Agora, de segunda a sexta, logo de manhãzinha, pego a estrada e vou fazer minha caminhada. Na contramão do meu caminho, motoristas nervosos, raivosos, descendo para o Centro para encarar mais um dia de trabalho.

O simples ato de caminhar, mais que uma exigência do meu cardiologista, é um privilégio, apesar da tristeza de ver o esgoto poluindo e o lixo esparramado enfeiando a cidade.

Mas, se a vida já me deu régua e compasso, sigo no meu passo.

Caminho, dentro e fora de mim, em busca de sinais de ressurreição. É a vida pedindo passagem.

Contemplativo na ação e ativo na contemplação, acelero os passos e fico atento aos companheiros de caminhada. Passam por mim, indo e vindo, e capturo no ar o que dizem. São fragmentos apenas, frases truncadas, palavras partidas pela respiração entrecortada, sentimentos voláteis, fugidios, que vão se desintegrando ao ritmo desencontrado de pés que vão e vem.

Recolho as palavras em migalhas, vou juntando, fazendo uma espécie de reciclagem dessa sucata verbal, reaproveitando o que posso, completando as lacunas com meus próprios sentimentos e ideias.

É um exercício interessante...

Dois senhores, grisalhos como eu, deixam no ar a frase quase acabada: "tanta gente boa morrendo e eles aí...".

É verdade, penso eu pensando em Brasília. Politicamente incorreto, concluo o pensamento: “Só mesmo um terremoto de dez graus na escala Ricther, com epicentro na Praça dos Três Poderes para dar um jeito naqueles...”.

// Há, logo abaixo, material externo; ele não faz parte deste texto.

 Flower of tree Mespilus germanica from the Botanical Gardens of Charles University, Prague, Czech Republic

Duas mocinhas passam num trote rápido, interrompendo minha indignação cívica. Uma delas fala alto, para superar o som dos onipresentes fones de ouvido: “se ele não aparecer hoje, já era...”

Apresso o passo, como se fosse eu o ameaçado de excomunhão. Quem será o pobre coitado? Saberá que está na corda bamba, que seu atraso ou ausência podem lhe custar, sei lá, o coração (ou algo mais) de uma das mocinhas? Outras duas mulheres, essas de meia idade, passam ligeiras: “minha sogra quer ser cremada e que joguem as cinzas no mar. A gente joga ela no rio Uruguai mesmo, garanto que uma poeirinha chega em Balneário Camboriú...”.E a gargalhada passa rápida, como elas.

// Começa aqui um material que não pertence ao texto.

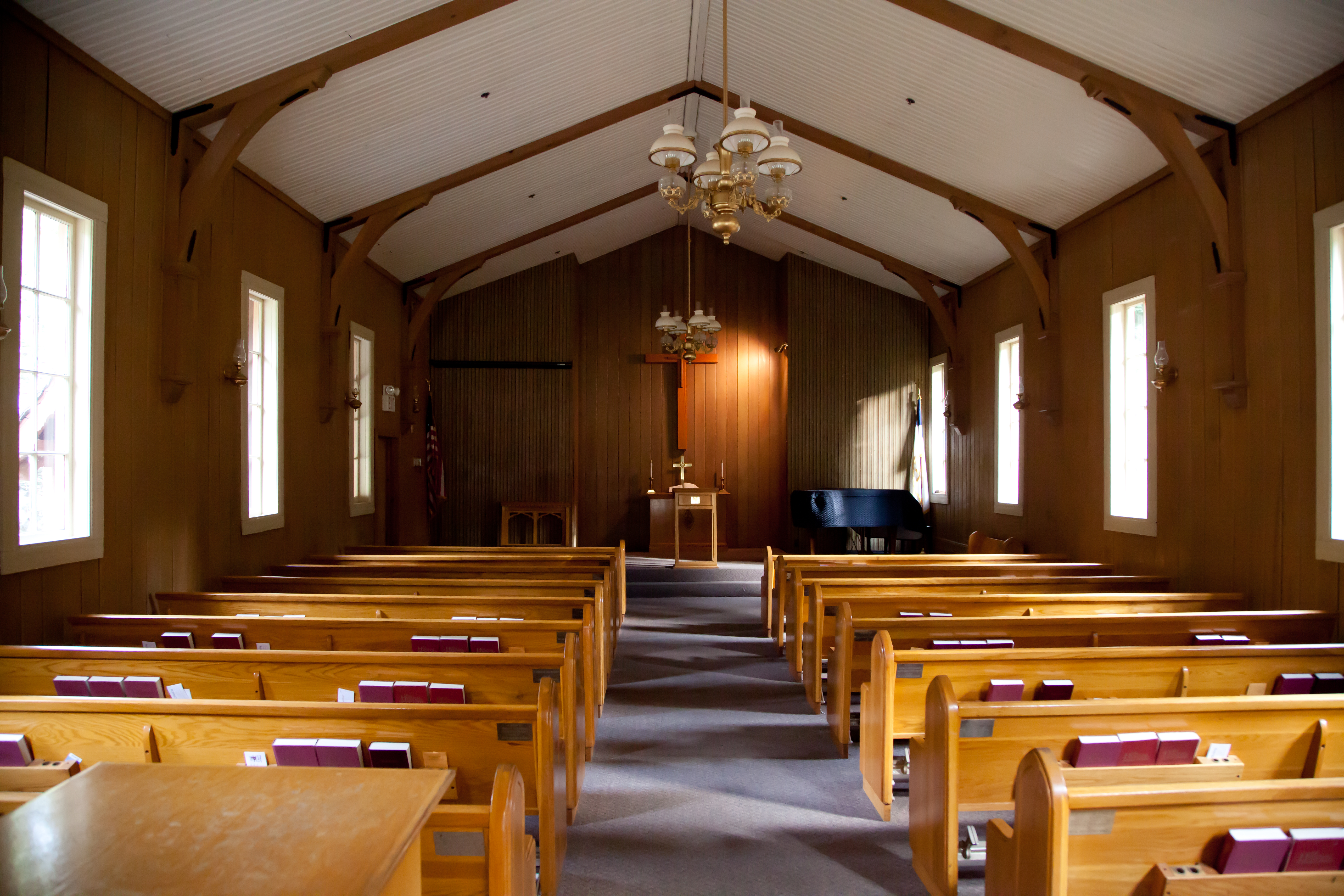 Interior of the Yosemite Valley Chapel in Yosemite Valley, California.

Ah, o poder dessas mulheres modernas...!

O local da caminhada é democrático e lá vem, em passos miúdos e sem pressa, uma senhorinha idosa que leva pela coleira uma cadelinha, parece que mais idosa ainda. Passam num silêncio que diz muito. Os olhinhos carinhosos de ambas derramam ternura humana e animal sobre a companheira de caminhada.

Só quem tem cachorro sabe o quanto a solidão humana pode ser preenchida pelo bichinho por quem tenho, também eu, muita ternura.

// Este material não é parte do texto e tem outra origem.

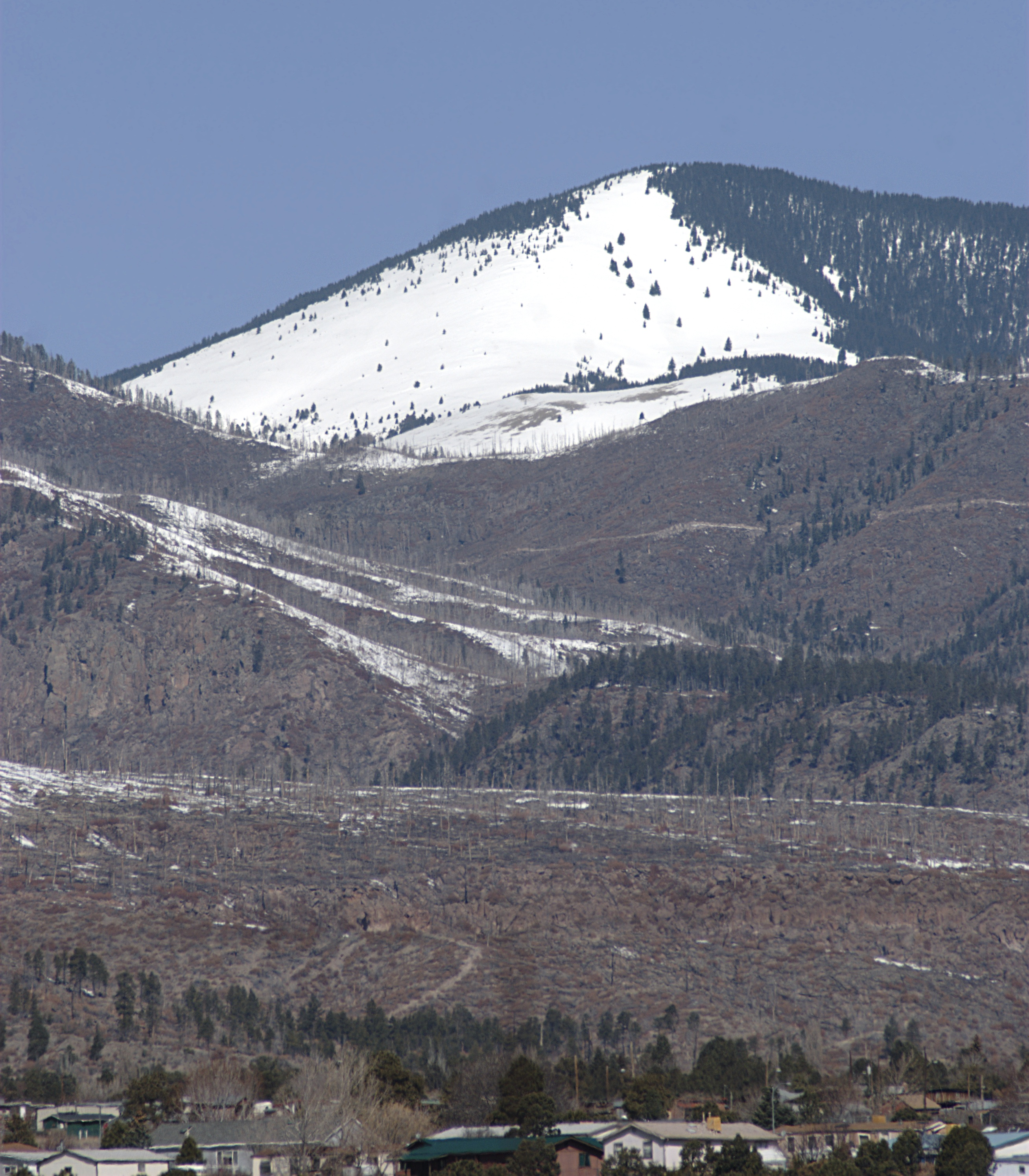 Chicoma, the highest peak in the Jemez Mountains, New Mexico, in snow. Some houses in Los Alamos, New Mexico, are visible. From East Road (New Mexico 502), Los Alamos, New Mexico.

Dois homens, um mais jovem, um mais maduro, ambos fortes e atléticos, trotam em marcha acelerada, assustando a velhinha e sua companheira de caminhada. O mais jovem diz, bufando: “o meu Deus é diferente. Ele é bom. Não fica se vingando de ninguém”.

“Não é vingança, diz o outro, é justiça...”.

E se vão, deixando pelo meio a aula de Teologia.


Lembro de minha mãe: “Tudo que sinto, esbarra em Deus”...

O pensamento voa e me faz esquecer, por instantes, a paisagem humana à minha volta. Meu olhar se estende ao cenário que me rodeia. Contemplo, para além da poluição, a luz do dia plenamente amanhecido.

Um bando de biguás estende as asas ao sol, para secá-las. Um deles emerge, próximo à margem de um açude, trazendo no bico um lambari que é logo engolido.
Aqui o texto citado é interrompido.